Of course, despite the university’s best efforts, many male students could not be kept away from women, so they tended to visit brothels and have casual affairs. There’s clear evidence that both Oxford and Cambridge were magnets for prostitutes because of the large numbers of sexually frustrated undergraduates. In the mid-19th century, Oxford housed 300-500 prostitutes, most of whom only stayed for term-time. Towards the end of the century, the university grew so worried about this that it used its special powers to raid Oxford houses and patrol the streets, looking to arrest prostitutes and send them to prison ‘by order of the vice-chancellor and [at] the expense of the university’. The sexual double standard was certainly in evidence here; one Fellow commented in 1909 that ‘it does not matter if boys will be boys so long as one can prevent girls being girls’.

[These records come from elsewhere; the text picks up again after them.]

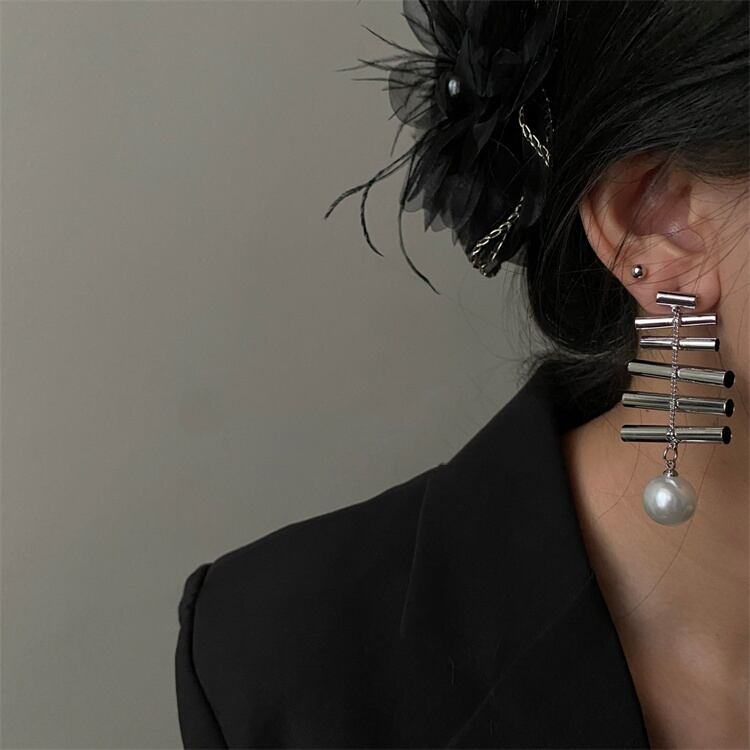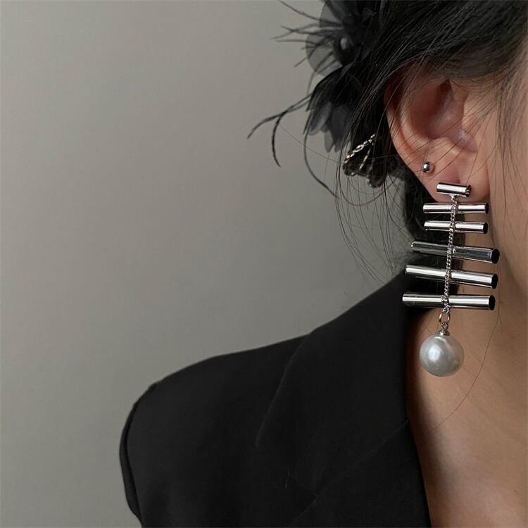 層状デザイン 金属パイプ 大粒フェイクパール オーバーサイズピアス
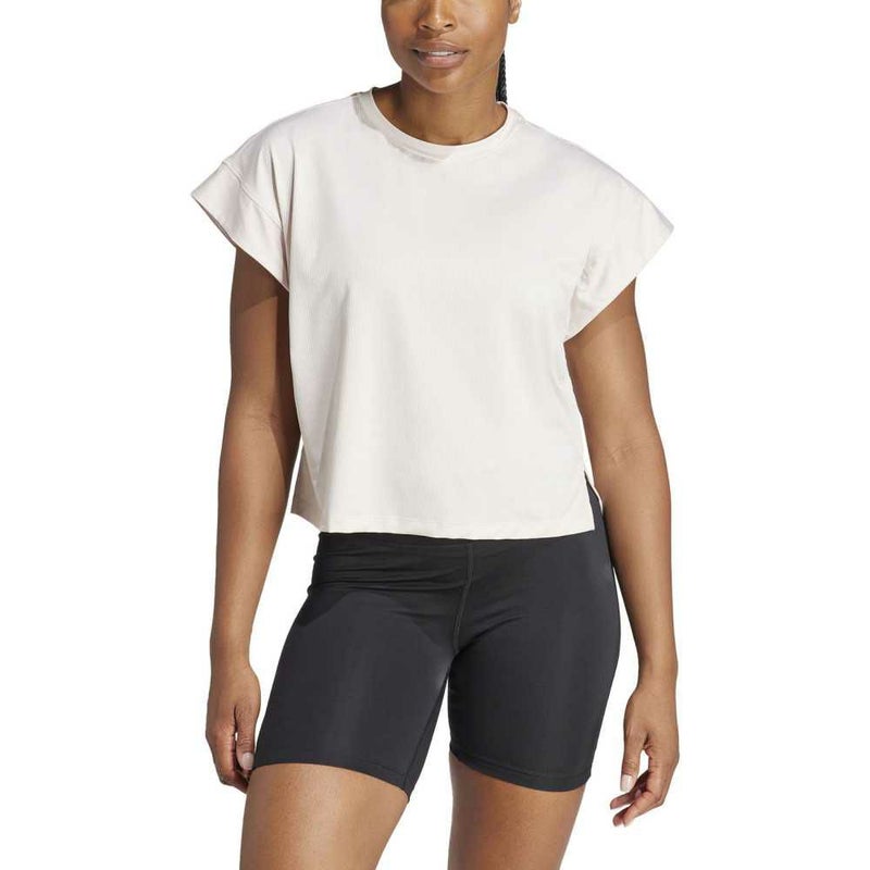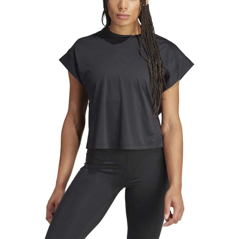 ヴィンヤサヨガ、バーエクササイズ、ピラティスなどに適した、あらゆる動きをサポートするTシャツ。バランスポーズや、同じ体勢を長くキープするときなどに、AEROREADYが汗を素早く吸収して身体をドライに保つ。
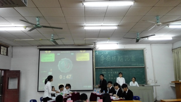 由語言培訓社主辦的第二十二屆爭鳴杯辯論賽于4月24日下午在南主樓212課室順利舉行。本次辯論賽的辯題是:環境主要靠人治還是法治。出席本次辯論賽的分別有擔任評委的葉穎文、張傲宇、李志彪以及土木建筑學院和經濟管理學院的辯論隊。
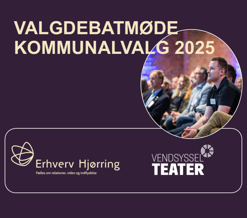 Erhverv Hjørring og Vendsyssel Teater indbyder hermed alle til et politisk valgmøde, tirsdag den 28. oktober 2025 kl. 15.00-17.00 på Vendsyssel Teater.
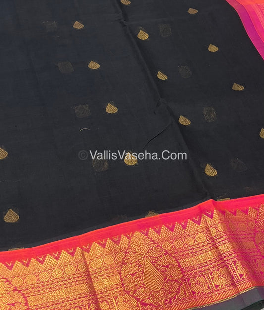 Pure Korvai Silk Cotton Saree - Black with Peach - VVKSC019
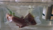 Close up rump steak being cooked with olive oil and rosemary in airtight zipper storage bag. Immersion circulator, polycarbonate water bath and insulation balls on top of water.

The university was no less forgiving to liaisons with lower-class town girls. Several students were disciplined in 1911 and 1913 for ‘waiting for, accosting and walking about with [a] Pantomine actress’ after a theatre performance. The proctors also tried to target undergraduates who dared to talk to women at open-air performances of the city band. Undergraduates who had lower-class lovers could often be thoughtless and uncaring, particularly when faced with university retribution. There was a case in 1902-3 in which two students walking out with their girls ran away and hailed a cab as soon as they saw proctors approaching; the girls, abandoned by the students and unable to afford a cab, were apprehended. Likewise, Marie Hunt (the daughter of an odd-job man) recounted how in pre-war Oxford, ‘we used to meet them round the corner or at the end of a certain street or something like that, but nowhere near the colleges. They were not to be seen anywhere near our homes, well, it just wasn’t done, you see. And if the bulldogs [university police] were about, you see, the men daren’t be seen with the girls at all’. An 1894 student pamphlet contains the poem An Eights’ Week Epistle in which the student unapologetically recounts how he misled such a girl:
It’s difficult to see what advantage the university and college authorities hoped to gain from trying to stop all contact between male students and women. All evidence points to an attempt on their part to make Oxford little more than an extension of the single-sex boarding school. Probably they thought that women would distract men from their academic work, although as is now obvious, that argument is flimsy at best. Anyway, it’s not as though every male student was there to work; despite generally rising academic standards in the 19th century, many students still treated Oxford as a place at which one completed a “gentleman’s education”. These students spent their days partying, playing sport and cementing their place in the country’s social elite. The number of undergraduates who failed their degrees and indeed failed to sit Finals at all would be unacceptable at Oxford today. The ban on contact with women suggests a deeply misogynistic attitude which was evidently shared by much of the student population.
Attitudes have obviously changed since then, and I take as one example something a tour guide said a few months ago. This tour guide pointed out Oriel and solemnly said, ‘this college has a bad history – it was the last one in the university to admit women’.